1 L’auteur, Jean-Claude Grumberg
Jean-Claude Grumberg est né en 1939. Avant de se lancer dans l’écriture, il exerce
plusieurs métiers, dont celui de tailleur, milieu qu'il prend pour cadre de sa pièce L'Atelier. Il
devient écrivain en signant en 1968 Demain, une fenêtre sur rue, puis des textes courts,
comme Rixe, qui sera joué à la Comédie-Française. Toute son œuvre est marquée par la
mort de son père dans les camps nazis.
Auteur de théâtre, de littérature de jeunesse et scénariste, Jean-Claude Grumberg se voit
récompensé à plusieurs reprises. En 1991, il reçoit le Grand Prix de l’Académie française et,
en 1999, le Grand Prix de la SACD pour l’ensemble de son œuvre. Le Molière du Meilleur
auteur dramatique lui est décerné en 1991 pour Zone libre et en 1999 pour L’Atelier. Dix ans
plus tard, il obtient le Molière de l’Auteur francophone vivant et le Prix du Syndicat de la
critique pour Vers Toi Terre promise.
En 1989, il se lance dans l’écriture de pièces pour enfants. Lors de la première du Petit
violon, il découvre un public d’enfants de toutes les nationalités. « Le monde était
représenté. Je me suis senti utile » assure l’auteur. « Il y a une grande liberté dans cette
écriture. Je n’ai pas peur des critiques. Les enfants jouent ces pièces, je vais les voir dans
les écoles. Je suis devenu un auteur un peu gaga… »

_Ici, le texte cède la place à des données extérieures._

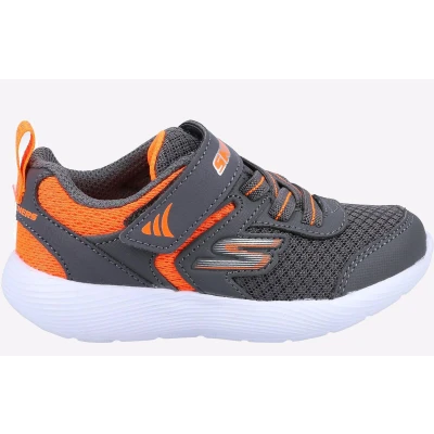 Skechers DYNA LITE Sneaker, Charcoal Synthetic/Textile/Orange Trim, 4 UK Child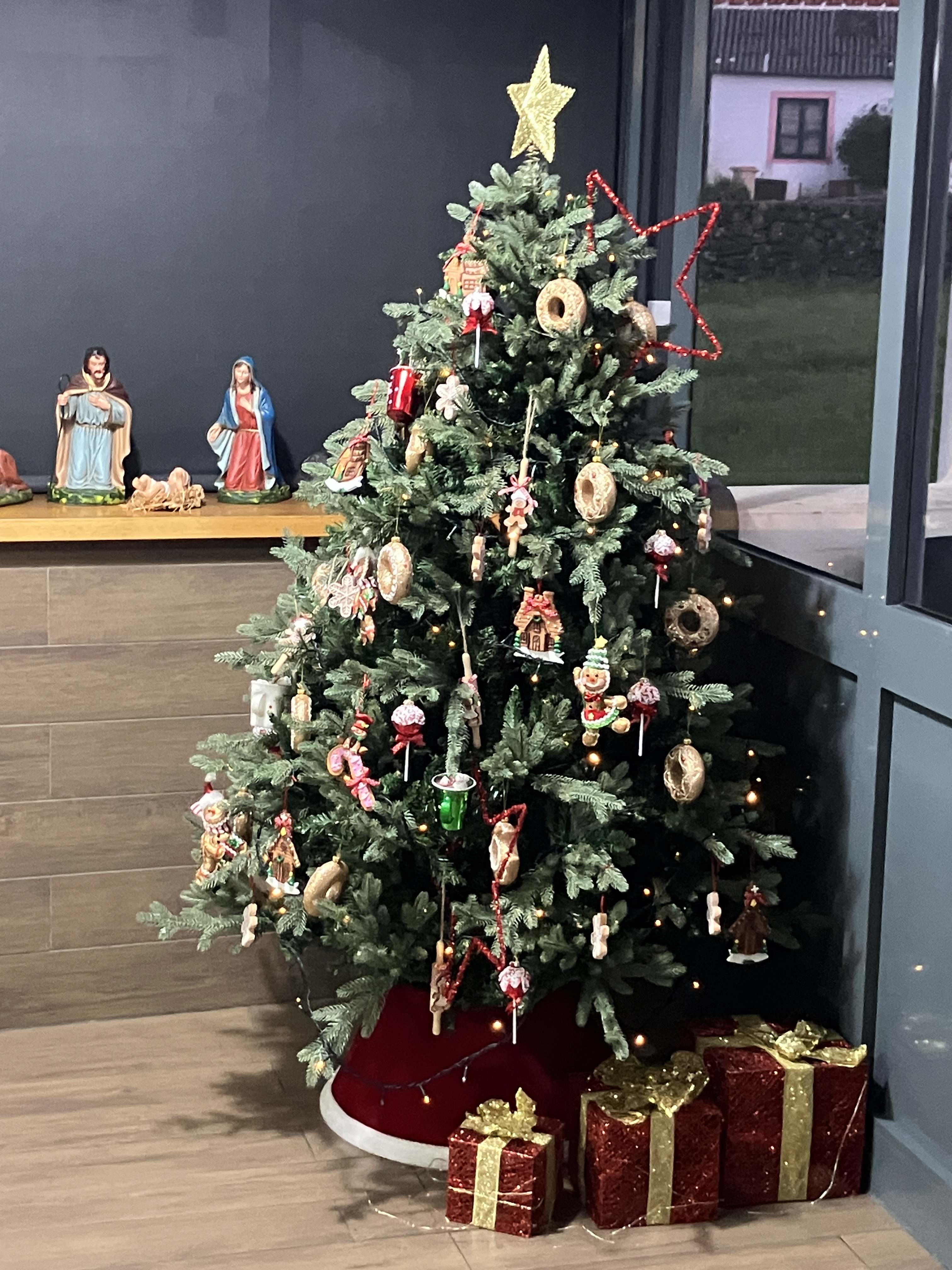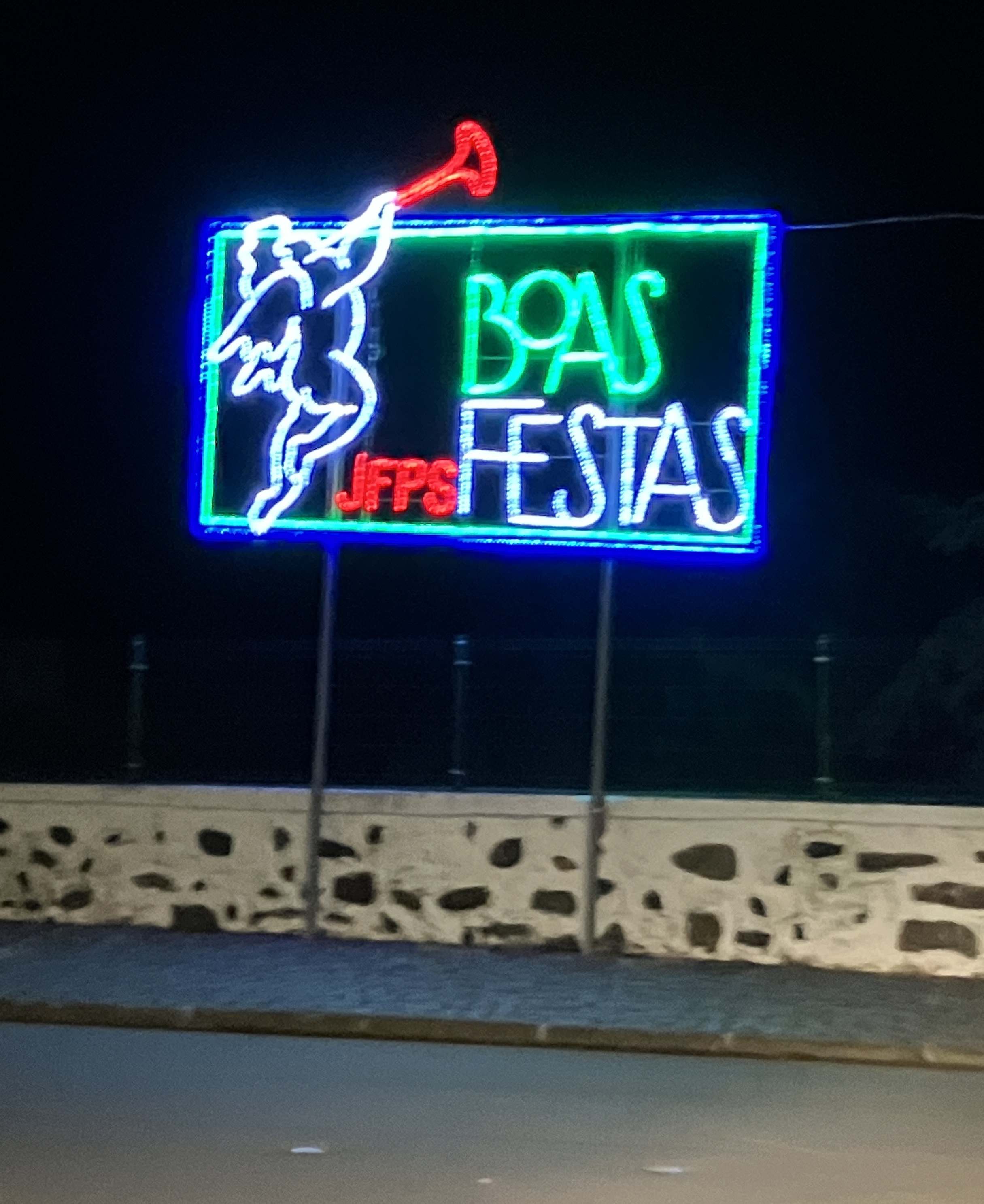 Though we do not have a Christmas tree, it’s nice to seem them around (above, at the local bakery and restaurant). We did, however, put up our stockings at home! The neon lights celebrating Happy Holidays were another festive reminder of the season, even if the sun and sea did not convey Christmas.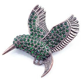 Vintage Style Emerald Hummingbird Austrian Crystal Bird Pin Brooch: Jewelry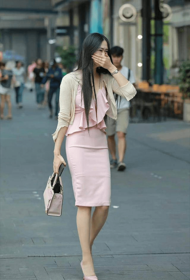 — 展现女性的优美身姿,亮粉色连衣裙收腰设计凸显纤细腰线 —

Au cinéma, il travaille avec François Truffaut (Le Dernier Métro), Marcel Bluwal (Le Plus
Beau Pays du monde) ou Pierre Boutron (Les Années sandwiches). A trois reprises, il
collabore avec le réalisateur Costa-Gavras : en 1993, il écrit les dialogues de La Petite
Apocalypse ; en 2003, il reçoit le César du Meilleur scénariste pour Amen et en 2005, il est
coscénariste du film Le Couperet.
Pour la télévision, il écrit les scénarios de Thérèse Humbert et Music Hall de Marcel Bluwal ;
Les Lendemains qui chantent de Jacques Fansten et Julien l'apprenti de Jacques
Otmezguine.
Le théâtre reste sa passion première. Ses textes sont montés à la Comédie-Française. Il est
l'un des rares auteurs dramatiques français vivants à être étudié à l'école.
C’est donc au fil de la petite Histoire, celle du quotidien avec ses vicissitudes, ses peines et
ses joies, souvent dérisoires au regard du destin du monde, que Grumberg nous raconte la
grande Histoire, partant du particulier pour arriver au général et de l’individu pour analyser la
conduite de tout un peuple. Cette démarche a l’avantage de restituer au théâtre la vie et le
souffle qui lui manquaient. Ce ne sont pas des zombies ou des schémas qui nous sont
présentés. Mais de vrais personnages qui vibrent, avec leurs angoisses, leurs doutes, leurs
petitesses et leur grandeur, leur médiocrité et leur errance, leur égoïsme et leurs peurs. Des
gens de tous les jours qui font l’Histoire tout en la subissant. C’est ce qui fait le prix des
pièces de Grumberg, outre une rigueur de construction et d’analyse d’autant plus étonnante
qu’elle n’exclut jamais l’émotion ni l’humour. Il possède, à sa manière, la « patte » de
Tchékhov, cette façon de pénétrer l’âme humaine et son ambiguïté et, à travers plusieurs
personnages complémentaires, de nous donner un état, sur les plans à la fois collectif et
individuel, de toute une société. C’est certainement ce qu’il y a de plus difficile à faire et
Grumberg le fait magnifiquement.
Alain Leblanc in Théâtre-Revue programme N°11, 1981, Centre Dramatique national de Reims.